Al volverme, Arturo y Merlín se abrazaban. Arturo parecía a punto de desmoronarse en brazos del druida, pero Merlín lo sostuvo a tiempo y le dio coraje. Después se alejaron juntos hacia los escudos del enemigo.

El príncipe Cuneglas y el druida Iorweth salieron de la barrera circular. Cuneglas llevaba lanza pero no escudo y Arturo no portaba sino a Excalibur en la vaina. Caminaba delante de Merlín y, al acercarse a Cuneglas, hincó una rodilla en tierra e inclinó la cabeza.

—Lord príncipe —le dijo.

—Mi padre se muere —dijo Cuneglas—. Una lanza le dio por la espalda.

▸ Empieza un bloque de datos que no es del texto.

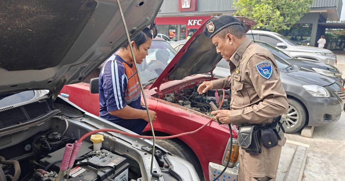 ว.4 ให้ความช่วยเหลือรถยนต์แบตหมด บริเวณ ปั๊มน้ำมันปตท. ม.1 ต.ลาดหญ้า ได้ช่วยพ่วงแบตเตอรี่ให้ไปต่อได้เพื่อจะไปเปลี่ยนแบตเตอรี่ต่อไป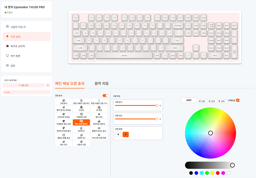 그리고, TH108 프로 키보드의 소프트웨어 지원 같은경우 따로 프로그램을 설치하지 않고, 웹(https://epomaker.driveall.cn/#/) 기반에서 바로 사용할 수 있게 지원하고 있습니다. 유선 사용 시 에포메이커의 웹기반 소프트웨어로 접속해 장치추가로 인식된 TH108 PRO 키보드를 선택하면, 해당 키보드에서 다룰 수 있는 기능들이 나오죠. 한국어 지원도 기본 갖추고 있기 때문에 다루기가 편리하며, 기능에는 사용자지정 키부터 백라이트의 조명 설정, 매크로, LCD 스크린의 TFT 화면 설정, 그리고 펌웨어 업데이트 등의 기본 설정을 지원하고 있습니다. 참고로, 조명 설정에서는 추가로 사용자 지원의 백라이트 설정을 할 수 있고, TFT 화면 설정에서는 LCD 스크린 화면에 사용자가 애니메이션 GIF 파일을 추가로 적용할 수 있죠.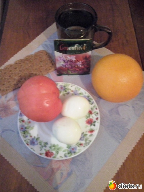 Ужин: 2 вареных яйца, салат, 1 апельсин или грейпфрут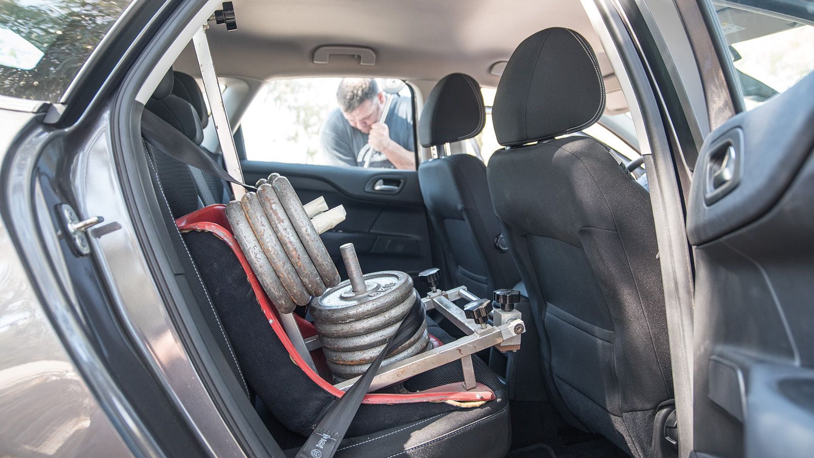 Για τις μετρήσεις με βάρος 350 κιλών επιστρατεύσαμε τον «Λυκούργο» το ειδικό μηχανισμό για τις μετρήσεις χώρων (75 κιλά) και συμπληρώσαμε το βάρος του οδηγού με σακιά γεμάτα άμμο.

Su tono era de acusación, aunque todos sabíamos que, desde el momento en que la línea defensiva se rompía, muchos morían por la espalda.

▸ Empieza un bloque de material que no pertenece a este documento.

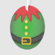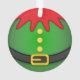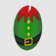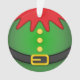 One of Santa's elves in their holiday green jumpsuit with a red jester-like collar. The jumpsuit is adorned with gold buttons and a leather belt with a gold buckle.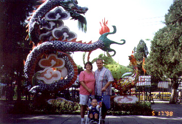 | We are standing in front of a large Dragon at the entrance of Qianfuo Shan (1000 Buddah Mountain). We happened to visit during their dragon festival. The park was decorated with a myriad of dragons taking all shapes and forms. There were dragons in with bodies of birds, fish, turtles as well as the traditional fierce fire breathing dragons. |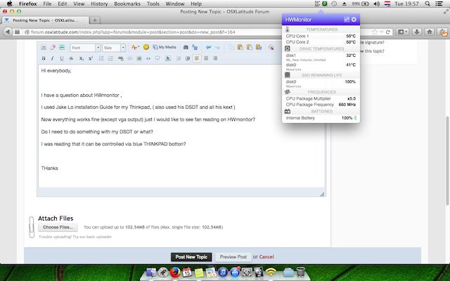 Hi everybody, I have a question about HWmonitor , I used Jake Lo installation Guide for my Thinkpad, ( also used his DSDT and all his kext ) Now everything works fine on 10.9.2 (except vga output), but the only thing I would like to see is fan reading on HWmonitor? Do I need to do something with my DSDT or what? I was reading that it can be controlled via blue THINKPAD botton? Here is the printscreen of my desktop and HWmonitor.. THanks

Arturo permaneció postrado. Pareció quedarse sin respuesta durante unos momentos; después levantó la mirada.

—¿Dais licencia para verlo? —preguntó—. Ofendí a los vuestros, lord príncipe, os insulté en el honor y, aunque no pretendía ofenderos, deseo rogar el perdón de vuestro padre.

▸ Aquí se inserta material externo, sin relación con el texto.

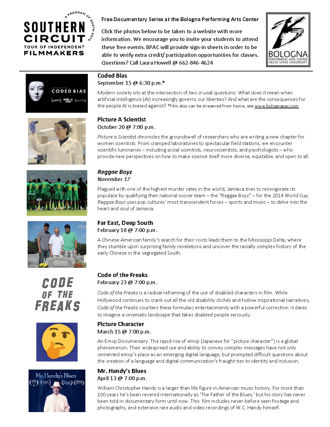 If requested, the BPAC will provide student sign-in sheets to monitor student attendance and would encourage you to consider assigning relevant films to your course. Please contact Laura Howell (lhowell@deltastate.edu) with any questions.

Cuneglas quedó desconcertado y se encogió de hombros como no sabiendo si tomaba o no la decisión acertada, pero al fin señaló hacia la barrera de escudos. Arturo se puso en pie y, caminando al lado del príncipe, fue a visitar al rey Gorfyddyd en su lecho de muerte.

Quise advertir a mi señor de que no fuera, pero se lo tragaron las lineas enemigas antes de que yo recuperara el juicio. Me estremecí al pensar en lo que Gorfyddyd le diría, y sabia que le diría las mismas palabras despreciables que me escupiera a mi por encima del escudo machacado por las lanzas. El rey Gorfyddyd no perdonaba a sus enemigos ni les escatimaba sufrimientos, aunque se hallara al borde de la muerte. Máxime hallándose al borde de la muerte. El último placer de Gorfyddyd en este mundo seria hacer daño a su enemigo. Sagramor compartía mis temores y ambos observábamos angustiados hasta que, al cabo de unos momentos, Arturo salió de entre las filas enemigas con el rostro tenebroso como la cueva de Cruachan. Sagramor acudió presto a su lado.

—Miente, señor —dijo Sagramor en voz baja—, siempre ha mentido.

—Sé que ha mentido —dijo Arturo, y se estremecio—. Pero hay mentiras difíciles de escuchar e imposibles de olvidar. —Entonces la rabia se apoderó de él y sacó a Excalibur volviéndose como una fiera hacia el enemigo—. ¿Alguno de vosotros quiere batirse por las mentiras de su rey? —Los retó a voces, paseando ante ellos de lado a lado—. ¿Hay alguno entre vosotros? ¿Hay siquiera uno dispuesto a defender al malvado que morirá con vosotros? ¿Ni uno solo? íPorque maldigo el espíritu de vuestro rey hasta la última oscuridad! ¡Vamos, luchad! —Blandió a Excalibur ante los escudos levantados—. ¡Luchad, basura! —Su rabia era más terrible que todo lo visto en el valle a lo largo del día—. ¡En nombre de los dioses, declaro que vuestro rey miente, que es un malnacido, un ser sin honor, nada! —Les escupió y empezó a abrirse con una sola mano los cierres de mi armadura, que aún llevaba puesta. Logró desatar las correas de los hombros, pero

no las de la cintura, de modo que la coraza le quedó colgando como el mandil de un herrero—. ¡Os doy ventaja! —aulló—. ¡Sin armadura y sin escudo! ¡Venid a luchar contra mi! ¡Demostradme que el malnacido protector de rameras de vuestro rey dice la verdad! ¿Ni uno se atreve? —Estaba fuera de si, en manos de los dioses, y escupía su rabia al mundo, que se encogía ante fuerza tan sobrecogedora. Volvió a escupir—. ¡Rameras rancias! —Se volvió en redondo al ver salir a Cuneglas del circulo de escudos—. ¿Tú, cachorro? —Apuntó la espada hacia Cuneglas—. ¿Tú lucharás por ese montón de basura moribunda?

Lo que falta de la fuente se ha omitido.